Ce qu'il faut comprendre : l'inflation n'est jamais complètement « vaincue ». Elle peut rebondir sur des chocs externes que personne n'anticipe — une crise énergétique, un conflit commercial, une catastrophe climatique. Une stratégie patrimoniale robuste intègre cette dimension de façon permanente, pas seulement en période de crise.
Ce que font les institutionnels (et que vous devriez faire aussi) 📊
Les grandes maisons d'investissement ne réagissent pas à l'inflation comme des particuliers pris de panique. Leur approche est structurelle : elles construisent des portefeuilles conçus pour résister à différents régimes d'inflation, pas pour « timer » le marché.
Amundi a récemment publié une réflexion sur les 10 thèmes pour les actifs privés en 2026, soulignant l'importance des infrastructures (énergie, transports, eau) comme classe d'actifs résistante à l'inflation structurelle. Ces actifs ont des revenus contractuellement indexés à l'inflation — une caractéristique que les particuliers peuvent partiellement répliquer via des fonds spécialisés accessibles en assurance-vie.
La leçon pour l'épargnant est plus simple : la diversification reste la seule protection gratuite contre l'inflation. L'inflation est un impôt invisible qui ronge patiemment les patrimoines inactifs. Le cash non investi perd environ 10 à 15% de sa valeur réelle sur 5 ans dans un contexte d'inflation à 2-3%. Sur 10 ans, c'est 20 à 30% d'évaporation silencieuse.
3 actions concrètes pour protéger votre pouvoir d'achat 🗞️
1. Calculez votre inflation personnelle
Prenez 10 minutes pour analyser vos relevés bancaires des 12 derniers mois. Identifiez les catégories qui ont le plus augmenté (assurances, loyer, alimentation, santé). Si votre inflation personnelle dépasse 3%, le Livret A ne vous protège pas — il faut réévaluer votre allocation avant la fin de l'année.
2. Optimisez votre assurance-vie
Si vous avez une assurance-vie ouverte avant 2020, vérifiez le taux servi par votre fonds euros.
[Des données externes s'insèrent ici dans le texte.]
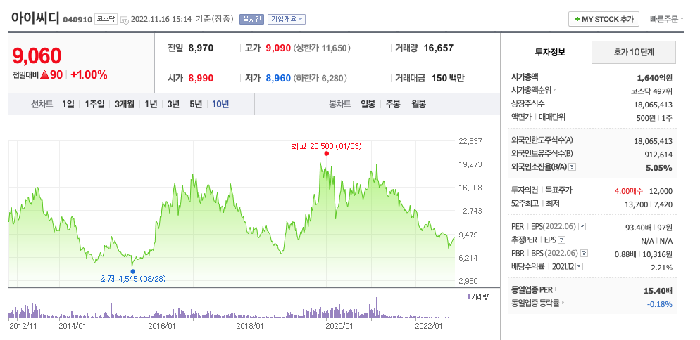 아이씨디의 2022년 영업이익은 22억원으로 추정됩니다. 현재(22. 11. 16) 시가총액은 1637억원으로 멀티플 74입니다.
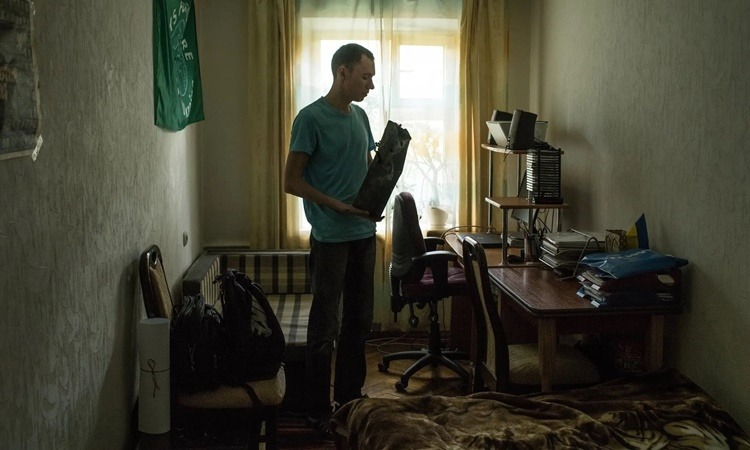 Mảnh thép xù xì, xấu xí đó giờ đây trở thành ngôi sao trong bộ sưu tập vật phẩm chiến tranh từ cuộc xung đột Nga - Ukraine của anh. Chúng gồm tất cả mọi thứ, từ hộp đạn, mảnh pháo đến một đôi ủng Nga màu đen mà anh tìm thấy ở thành phố Bucha.
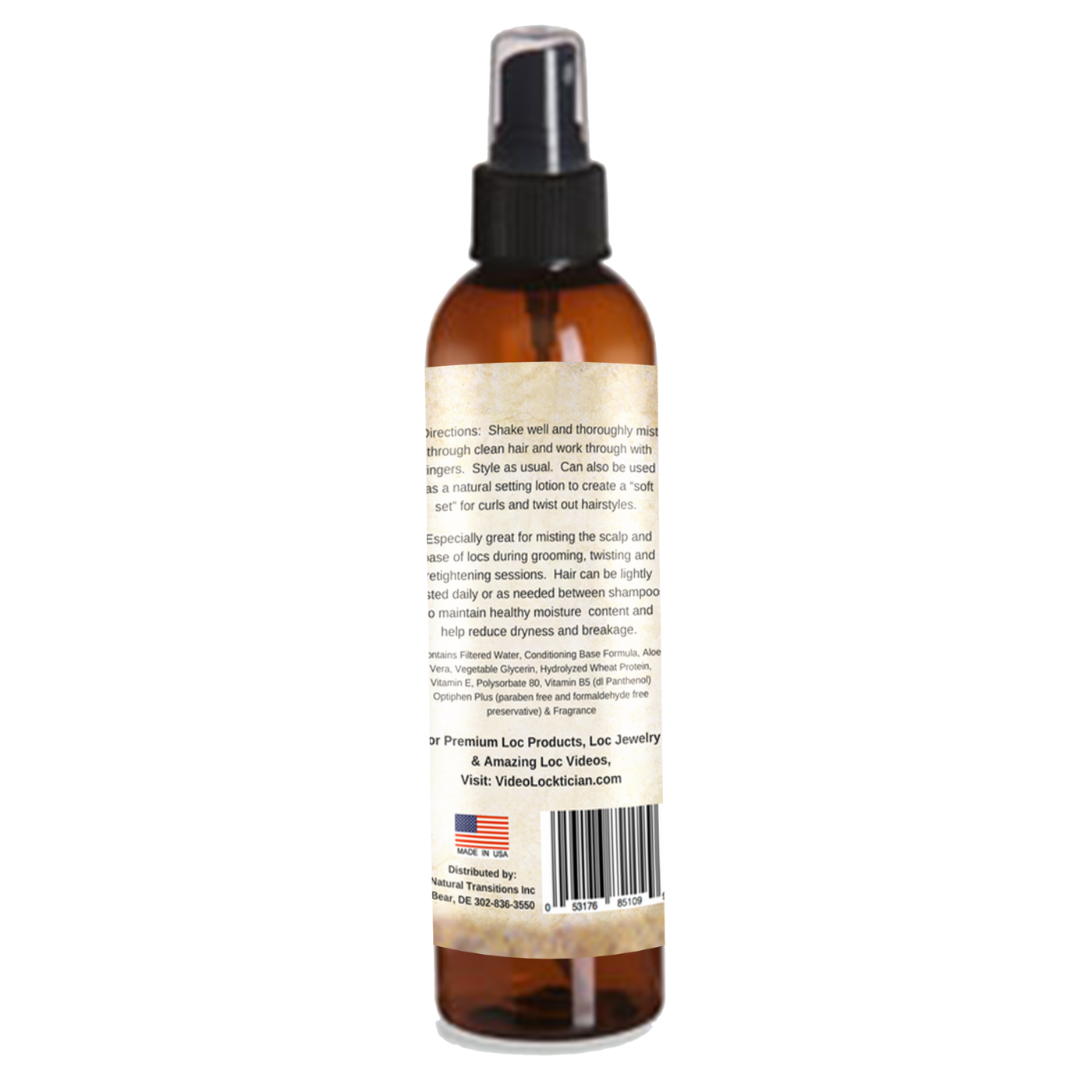 Directions: Shake well and lightly mist throughout your locs or natural hair daily or as needed. Does not contain petroleum, mineral oil or alcohol.
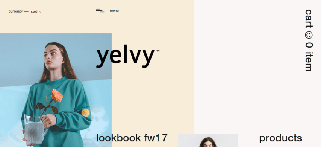 Yelvy是加拿大服飾品牌。顯然,他們的網(wǎng)站非常時(shí)尚,這并不影響其導(dǎo)航的價(jià)值。本網(wǎng)站是商品展示的輔助元素,不會(huì)分散用戶購買的注意力。
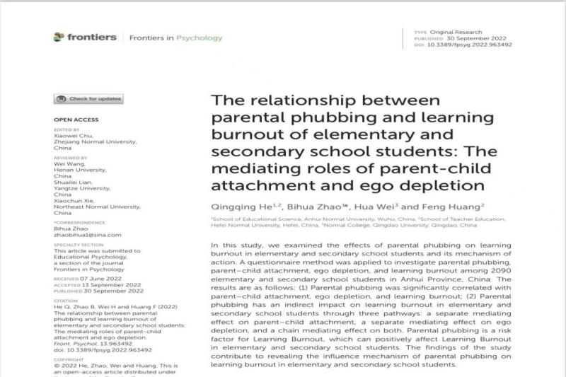 Qingqing He1,2 , Bihua Zhao1 *, Hua Wei3 and Feng Huang2: The relationship between parental phubbing and learning burnout of elementary and secondary school students: The mediating roles of parent-child attachment and ego depletion
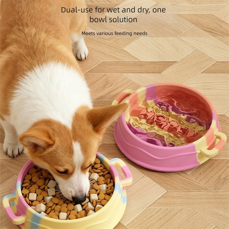 A slow-feeding pet bowl designed for your pet to promote a healthy and slow diet! There are bright colors to choose from (gradient blue-green, rainbow pinkish-orange, multi-color pinkish-yellow and pure yellow), and each bowl has an interactive maze design with built-in handles for easy lifting. The maze structure slows down the eating speed, prevents bloating and overeating, and the durable and non-toxic materials ensure safety. Suitable for dogs and cats of all sizes, this bowl combines fun, functionality and a colorful style, making it a must-have for pet parents who prioritize the digestive health and mealtime enjoyment of their furry companions.
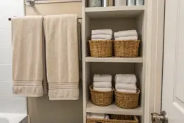 • Wicker Stash Baskets: Incorporate rustic appeal with wicker baskets. Ideal for towels and toiletries.
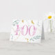 Dans le cadre d’un elegant design to mark this landmark d’occasion, with 100 in ornate style with flower decoration and in pink faux glitter taking center stage on the front, with teal and gold leaves flowing in from the edges. Inside your message, which you can easily personise.
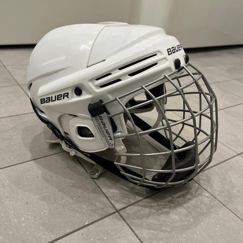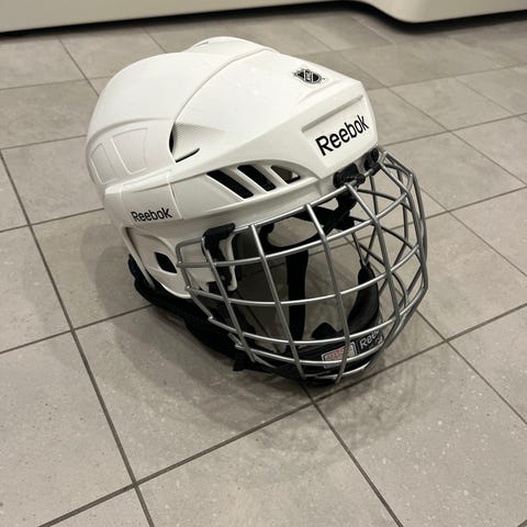 Reebok ishockeyhjälm med avtagbart galler i metall. Hjälmen är röd med svart galler och har ventilationshål upptill och på sidorna. Justerbara remmar under hakan för att hålla hjälmen på plats. Passar för ishockey och annan isträning där huvud- och ansiktsskydd behövs.

Les contrats anciens servent parfois seulement 2 à 2,5%, quand les meilleurs contrats récents (Linxea Spirit 2, Boursorama Vie, Placement-direct) servent 3,5 à 4,2%. Un simple transfert peut faire gagner 1 point de rendement annuel — sans risque supplémentaire sur le capital.
3. Démarrez les versements programmés sur les marchés
Vous n'avez pas besoin d'être expert. Un versement mensuel programmé de 50 à 300 €/mois sur un ETF monde élimine le biais de vouloir « attendre le bon moment » — qui n'existe statistiquement jamais. Sur 10 ans, la probabilité historique d'un rendement supérieur à l'inflation française dépasse 90%. La régularité bat la clairvoyance, à chaque fois.